Dummy variables 𝑥 𝑦 are mutually distinct and distinct from all other variables.

Step	Hyp	Ref	Expression
1		oveq1 6657	. . . . 5 ⊢ (𝑥 = 𝐴 → (𝑥 ·𝑜 𝐵) = (𝐴 ·𝑜 𝐵))
2		oveq2 6658	. . . . 5 ⊢ (𝑥 = 𝐴 → (𝐵 ·𝑜 𝑥) = (𝐵 ·𝑜 𝐴))
3	1, 2	eqeq12d 2637	. . . 4 ⊢ (𝑥 = 𝐴 → ((𝑥 ·𝑜 𝐵) = (𝐵 ·𝑜 𝑥) ↔ (𝐴 ·𝑜 𝐵) = (𝐵 ·𝑜 𝐴)))

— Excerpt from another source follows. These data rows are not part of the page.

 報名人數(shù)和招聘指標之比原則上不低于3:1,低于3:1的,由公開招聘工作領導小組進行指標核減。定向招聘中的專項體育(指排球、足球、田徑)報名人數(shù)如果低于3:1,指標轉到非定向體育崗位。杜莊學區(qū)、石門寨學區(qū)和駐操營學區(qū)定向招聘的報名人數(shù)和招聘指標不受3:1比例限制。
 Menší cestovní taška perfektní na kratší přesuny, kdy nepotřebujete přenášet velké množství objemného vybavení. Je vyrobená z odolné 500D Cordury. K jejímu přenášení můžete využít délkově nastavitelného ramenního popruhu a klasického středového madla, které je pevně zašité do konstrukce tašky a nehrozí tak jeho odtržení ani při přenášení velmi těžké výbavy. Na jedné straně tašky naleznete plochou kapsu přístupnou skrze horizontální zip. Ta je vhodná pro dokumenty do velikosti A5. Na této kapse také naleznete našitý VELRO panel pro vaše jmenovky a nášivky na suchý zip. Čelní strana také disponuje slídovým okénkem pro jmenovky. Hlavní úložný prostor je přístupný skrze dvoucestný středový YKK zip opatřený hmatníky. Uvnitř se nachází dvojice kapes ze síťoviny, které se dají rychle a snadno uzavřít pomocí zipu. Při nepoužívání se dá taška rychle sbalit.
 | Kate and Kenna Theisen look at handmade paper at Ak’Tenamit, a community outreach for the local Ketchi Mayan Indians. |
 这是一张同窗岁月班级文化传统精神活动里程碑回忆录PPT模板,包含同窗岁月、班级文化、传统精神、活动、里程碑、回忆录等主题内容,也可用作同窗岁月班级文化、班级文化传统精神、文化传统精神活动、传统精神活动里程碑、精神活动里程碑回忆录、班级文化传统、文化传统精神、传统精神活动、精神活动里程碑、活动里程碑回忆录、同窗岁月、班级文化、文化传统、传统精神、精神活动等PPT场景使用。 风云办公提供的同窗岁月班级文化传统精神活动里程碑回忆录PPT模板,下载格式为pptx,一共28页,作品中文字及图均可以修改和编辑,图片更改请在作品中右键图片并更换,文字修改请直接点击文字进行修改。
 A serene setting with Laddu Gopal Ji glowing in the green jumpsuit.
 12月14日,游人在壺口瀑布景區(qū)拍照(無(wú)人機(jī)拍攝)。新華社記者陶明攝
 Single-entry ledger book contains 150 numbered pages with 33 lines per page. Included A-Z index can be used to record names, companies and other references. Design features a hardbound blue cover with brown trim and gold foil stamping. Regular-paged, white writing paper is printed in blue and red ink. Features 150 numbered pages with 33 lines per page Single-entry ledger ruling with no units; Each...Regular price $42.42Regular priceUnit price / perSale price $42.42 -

4	3	imbi2d 330	. . 3 ⊢ (𝑥 = 𝐴 → ((𝐵 ∈ ω → (𝑥 ·𝑜 𝐵) = (𝐵 ·𝑜 𝑥)) ↔ (𝐵 ∈ ω → (𝐴 ·𝑜 𝐵) = (𝐵 ·𝑜 𝐴))))
5		oveq1 6657	. . . . 5 ⊢ (𝑥 = ∅ → (𝑥 ·𝑜 𝐵) = (∅ ·𝑜 𝐵))
6		oveq2 6658	. . . . 5 ⊢ (𝑥 = ∅ → (𝐵 ·𝑜 𝑥) = (𝐵 ·𝑜 ∅))
7	5, 6	eqeq12d 2637	. . . 4 ⊢ (𝑥 = ∅ → ((𝑥 ·𝑜 𝐵) = (𝐵 ·𝑜 𝑥) ↔ (∅ ·𝑜 𝐵) = (𝐵 ·𝑜 ∅)))
8		oveq1 6657	. . . . 5 ⊢ (𝑥 = 𝑦 → (𝑥 ·𝑜 𝐵) = (𝑦 ·𝑜 𝐵))
9		oveq2 6658	. . . . 5 ⊢ (𝑥 = 𝑦 → (𝐵 ·𝑜 𝑥) = (𝐵 ·𝑜 𝑦))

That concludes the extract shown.